To determine the underlying causes of a problem, it is important to understand its history. All issues pertaining to women, that are prevalent today, occur because of something that happened in the past. Here are some examples in the Indian context.

The patriarchal structure of the society came to India with the Aryans. It could have also existed in the Indus valley civilization, but not much is known about that, and most historians infer that the Harappan civilization was a matriarchal society. Anyway, patriarchal society was not a problem in itself.

That’s because patriarchy means that the head of the family is a man or that major decisions are taken by a man. The keyword here is ‘decisions’. In the period of the early Aryans, these decisions didn’t revolve around the lives of women. They were either ritualistic, that is which God to worship and how to worship; or involved planning of ‘Gavishti’, that is stealing of cattle of another Aryan clan to provoke war. The victor used to seize the cattle of the defeated and this is how the number of cattle, which was basically wealth, was increased.

Other than patriarchy, the society was mainly egalitarian. Women worked and could choose their profession. Some women were gifted cattle during their wedding, as a safety net, so that they wouldn’t have to depend upon their husband’s family and could earn an independent livelihood. This voluntary gift was called ‘Stridhana’ and over centuries changed its form to become what is today known as ‘Dowry’.

Real complications arose in the period of the later Aryans, which was somewhere around 1000 BCE. Now, everyone had ample amount of cattle wealth and it was no longer a major reason to provoke war. How would one prove their supremacy?

Hence, began the kidnapping of women of other Aryan clans, so as to trigger a war. As a result, women were told to stay at home in order to avoid such circumstances. Note, that when there is no financial independence, there is no independence at all.
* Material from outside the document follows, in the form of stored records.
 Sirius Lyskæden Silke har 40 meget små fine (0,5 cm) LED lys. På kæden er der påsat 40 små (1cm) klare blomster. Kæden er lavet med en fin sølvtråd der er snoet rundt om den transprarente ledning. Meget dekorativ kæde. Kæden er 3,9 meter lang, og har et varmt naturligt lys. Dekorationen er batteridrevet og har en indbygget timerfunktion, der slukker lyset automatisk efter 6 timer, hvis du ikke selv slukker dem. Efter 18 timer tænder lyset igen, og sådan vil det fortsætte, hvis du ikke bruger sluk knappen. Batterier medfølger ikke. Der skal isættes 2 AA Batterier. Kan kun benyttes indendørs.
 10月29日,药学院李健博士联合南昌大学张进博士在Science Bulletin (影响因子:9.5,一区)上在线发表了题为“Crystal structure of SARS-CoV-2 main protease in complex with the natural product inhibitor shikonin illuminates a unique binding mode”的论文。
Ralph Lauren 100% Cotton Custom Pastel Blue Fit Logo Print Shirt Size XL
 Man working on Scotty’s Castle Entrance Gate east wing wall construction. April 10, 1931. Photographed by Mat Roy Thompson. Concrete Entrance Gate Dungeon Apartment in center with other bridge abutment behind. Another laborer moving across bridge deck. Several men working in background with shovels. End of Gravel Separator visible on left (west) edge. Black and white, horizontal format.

As women became dependent upon men for livelihood, the deterioration began; which reached its peak in the Gupta period, around 500 CE, when practices such as Sati, Devadasi, child marriage and rape entered our society.
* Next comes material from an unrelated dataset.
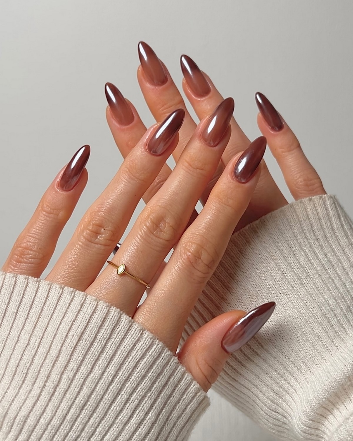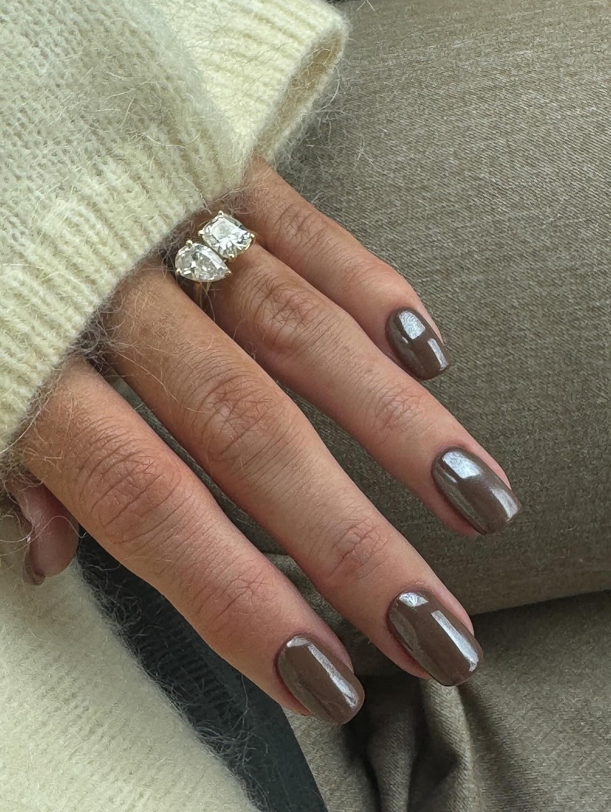 Этой осенью и зимой глазированный маникюр выходит за рамки классических нюдовых и пастельных оттенков. Глубокие винные, шоколадные и изумрудные тона с глазированным финишем становятся фаворитами сезона, идеально дополняя осеннюю цветовую палитру гардероба.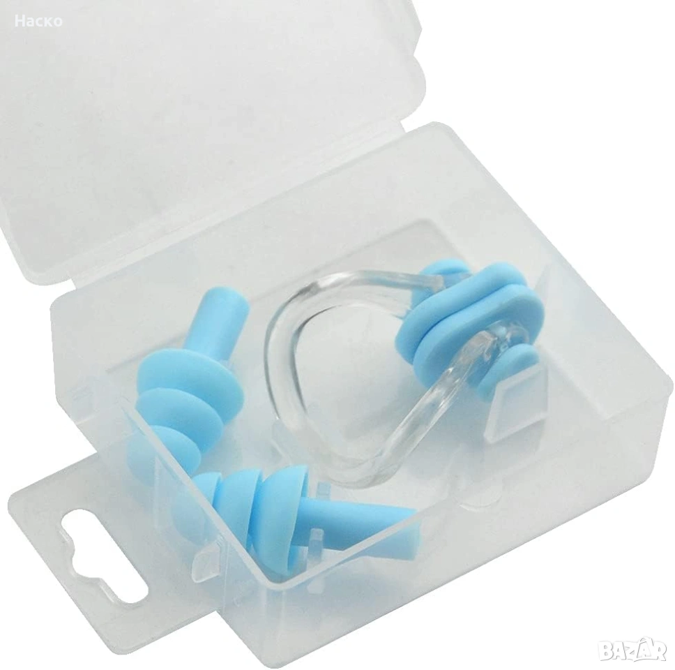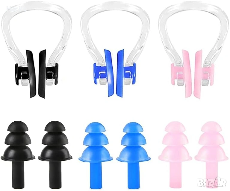 Комплект от 2 броя силиконови тапи за уши и щипка за нос,

It is peculiar that rape began only in the Gupta period when in the later Aryan period there existed a practice where Brahmin men could take women they desired and use them for sexual gratification. Why was this never considered rape? Because, a rape is carried out forcibly, and women in the later Vedic period had been brainwashed to believe that it was a proud moment of their life if a Brahmin man chose them.

Chanakya, one of the most intelligent men ever, wrote in Chanakya Neeti that a woman was an unrealised soul who would never attain ‘Moksha’. Her only purpose was to serve her husband. Women (and Dalits) had to be beaten at will to keep their minds right. He warned men to beware of women as they were the root cause of all evil desires for they enticed men. All this provides an insight into the society of that time (and that of today).

The Mahabharata and Ramayana that we read, have been edited and rewritten many times to include the changing practices. For example, ‘Agnipariksha’ was included in Ramayana only in the Gupta period to encourage women to perform Sati. This custom where a woman was supposed to burn herself alive in the pyre of her husband started around 500 CE and was banned in 1829 CE. This means that it hasn’t even been 200 years since this 1300-year-old practise was abolished. It is nevertheless practised even today in some parts of the country.

It, therefore, becomes essential to understand that institutions that are 1500-3000 years old, can’t be removed overnight. They are inbuilt in us and it will take generations to unlearn them. For us to prosper and evolve as a society, we have to stop considering women’s issues as problems affecting only women and perceive them as they are – societal issues.